All the artificers of pleasure were called to gladden the festivity; the musicians exerted the power of harmony, and the dancers showed their activity before the princes, in hopes that they should pass their lives in blissful captivity, to which those only were admitted whose performance was thought able to add novelty to luxury.

I love those sentences. In them Johnson, with great prose, moves the narrative forward while describing the setting and alluding to his own negative feelings about the Happy Valley as an ideal. Soon Johnson doesn’t hide his hand. That this place is beautiful but dead for humans becomes apparent when Rasselas is introduced. In ruminating about his state of being, Rasselas compares himself to the animals who are happy if they are fed and watered and comfortable — “. . . but when thirst and hunger ceases, I am not at rest.”

Rasselas decides he must escape the valley. Surely the happy state that is missing there can be found on the outside where life is not so artificial. There are several comical chapters about his attempts to escape, my favorite being the artificer who, after months and months of research and work, invents metal wings that do nothing more than sink into the sea. He was not happy.
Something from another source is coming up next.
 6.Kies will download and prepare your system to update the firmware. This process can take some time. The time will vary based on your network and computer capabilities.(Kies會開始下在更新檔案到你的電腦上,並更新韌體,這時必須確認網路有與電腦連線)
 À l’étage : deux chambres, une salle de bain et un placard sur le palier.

Rasselas’s bad luck changes, though, when he meets Imlac, a philosopher and scholar who was allowed to enter the valley to teach. Imlac, realizing that Rasselas is disillusioned, does not hide the fact that there is not one person invited into the valley who did not yearn to escape and live on the outside again. Rasselas explains to Imlac his desire to escape the valley to find what Choice of Life will make him happy. He knows this Choice is not available in the valley. Not really believing in Rasselas’s quest (“Human life is everywhere a state in which much is to be endured and little to be enjoyed.”), Imlac nevertheless agrees to help him escape and to be his companion on the journey. On the night of escape, Rasselas is surprised to find his sister Nekayah following him. She admits she didn’t know where he was going, but, now that she knows, she wants to go too. Together they quest for the state of being that will guarantee happiness.

Obviously the quest is doomed to failure, but the quest itself is what’s important here. Through it Johnson allows his characters to interrogate several types of people — hermits, scholars, couples, kings, etc. One of my favorites was Rasselas and Nekayah’s discussion on the state of marriage:

Marriage is evidently the dictate of Nature; men and women were made to be the companions of each other, and therefore I cannot be persuaded but that marriage is one of the means of happiness.”
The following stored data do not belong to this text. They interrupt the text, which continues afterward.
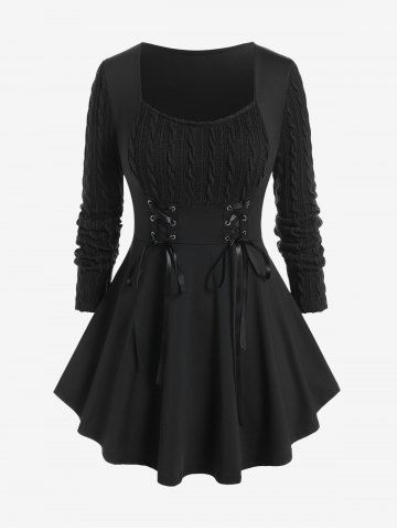 Plus Size Cable Knit Panel Mixed Media Lace Up Tee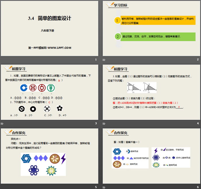 关键词:北师大版八年级下册数学PPT课件免费下载,简单的图案设计PPT下载,图形的平移与旋转PPT下载,.PPT格式;
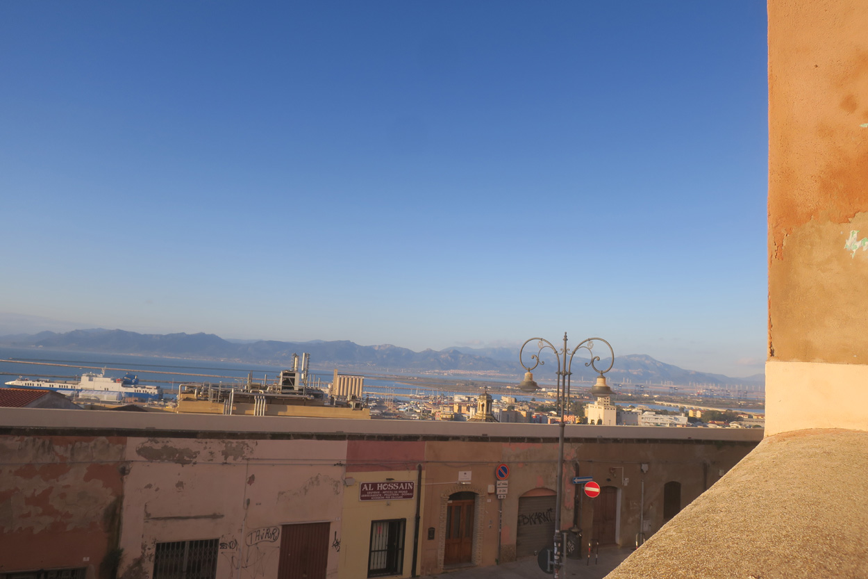 im Aufstieg zur Kathederale von Cagliari, Blick zum Hafen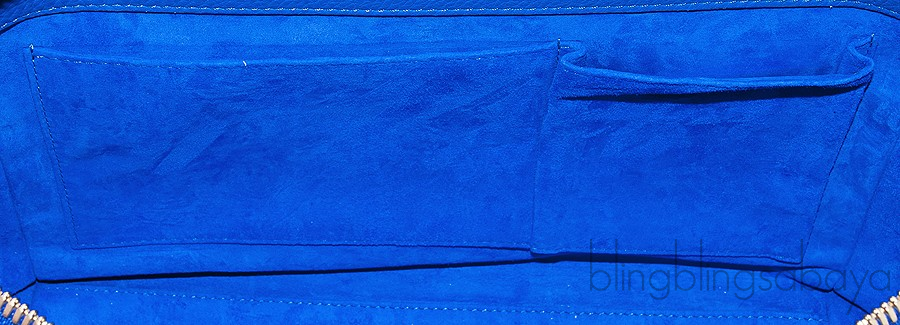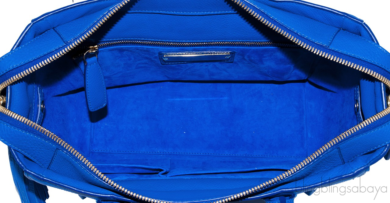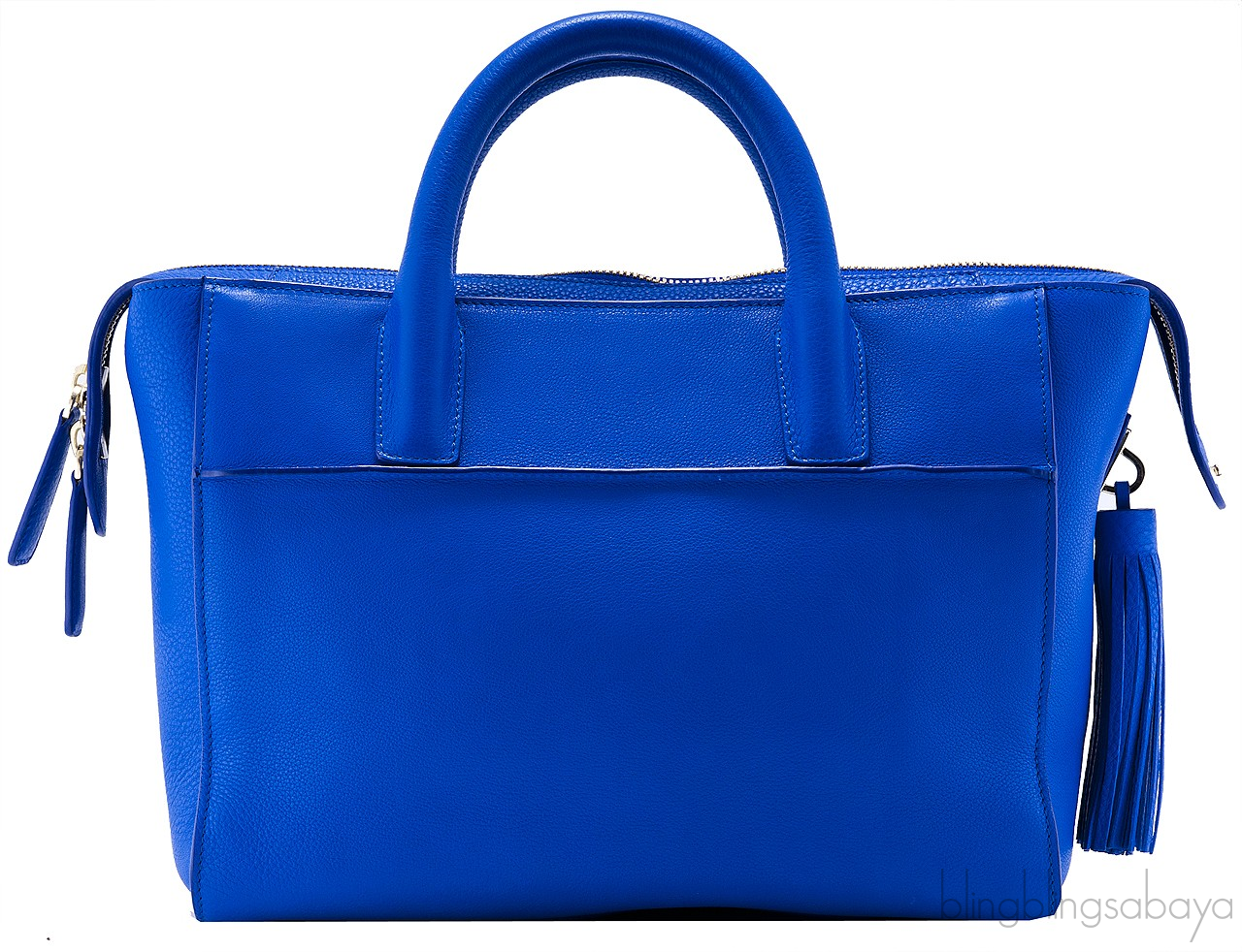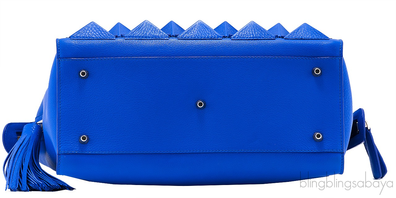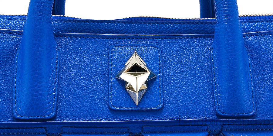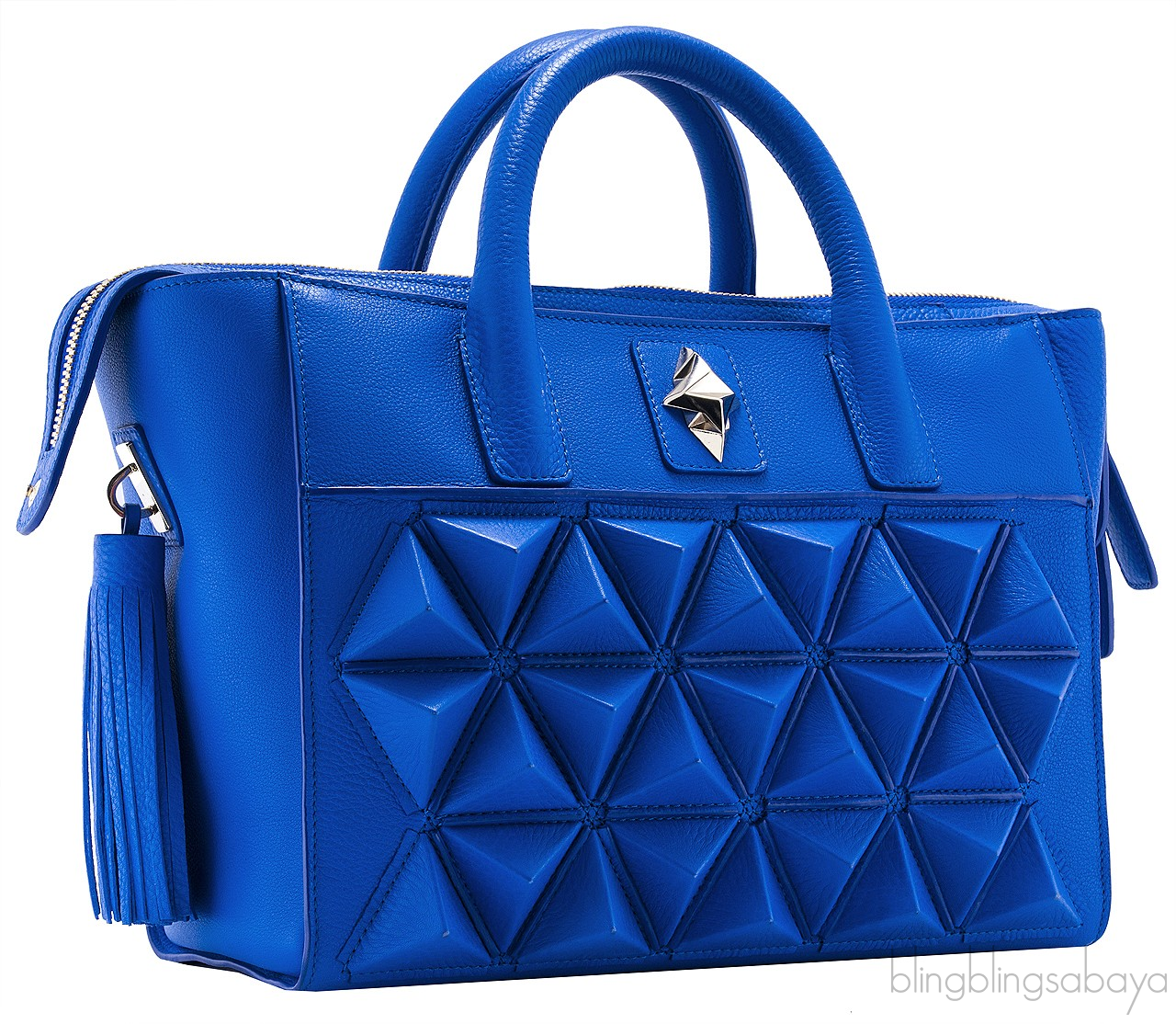 Known for its geometric sleek design, this bag features a funky pyramid design on the front with a golden metal logo2. It comes in two rolled leather handle and a dangling leather on the side. It has the top zip opening and interior is lined with coordinating blue lambskin leather with several compartment inside.

“I know not,” said the Princess, “whether marriage be more than one of the innumerable modes of human misery. . . .”

And here’s the best time for me to insert an Annie Hall quote in a review. While it is very different in tone, the futile search, particularly when looking at relationships, reminded me of the part in Annie Hall where Alvie asks a couple on the street why they are happy:

Alvie: Here, you look like a very happy couple. Um, are you?
Young Woman: Yeah.
Alvie: Yeah? So, so, how do you account for it?
Young Woman: Uh, I’m very shallow and empty, and I have no ideas and nothing interesting to say.
Young Man: And I’m exactly the same way.

One last thing: As much as I enjoyed this book, I must say that the episodic nature can become grating at times. Like Candide, Rasselas has a weak overall narrative structure that serves mainly to allow the characters to have dialogues with people from a variety of backgrounds. But, again like Candide, there is so much there that within each episode one forgets that it is only loosely tied to other episodes by the single philosophical thread. And there are so many wonderful moments of illumination, like when Johnson reduces the glory of the pyramids to this: “I consider this structure as a monument to the insufficiency of human enjoyments.” And there are beautiful moments of melancholy where the loose structure evaporates and the characters become more than vehicles for philosophy, like when Imlac tells the heartbreaking story of the insane astronomer and the characters hope he can “delay the next morning the rising of the sun.”